**What you will do**. Lines holding the word "השידור": how many does the material below have? Answer with nothing but the number.

**Data to use**.
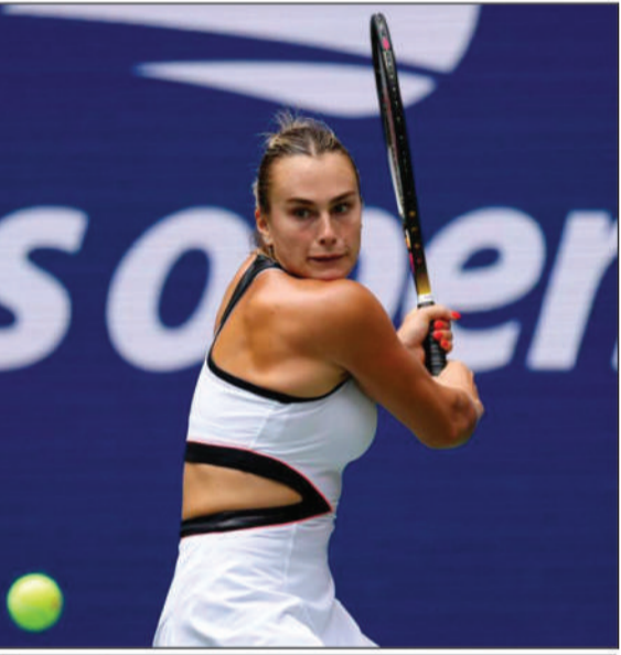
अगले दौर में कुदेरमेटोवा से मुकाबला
--
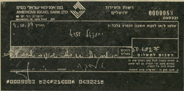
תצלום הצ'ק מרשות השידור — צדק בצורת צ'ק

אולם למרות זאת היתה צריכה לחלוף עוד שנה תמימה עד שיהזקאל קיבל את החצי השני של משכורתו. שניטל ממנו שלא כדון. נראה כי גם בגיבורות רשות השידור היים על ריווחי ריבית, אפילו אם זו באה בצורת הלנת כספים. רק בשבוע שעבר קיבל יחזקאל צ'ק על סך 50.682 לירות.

**Response for this exercise**. 2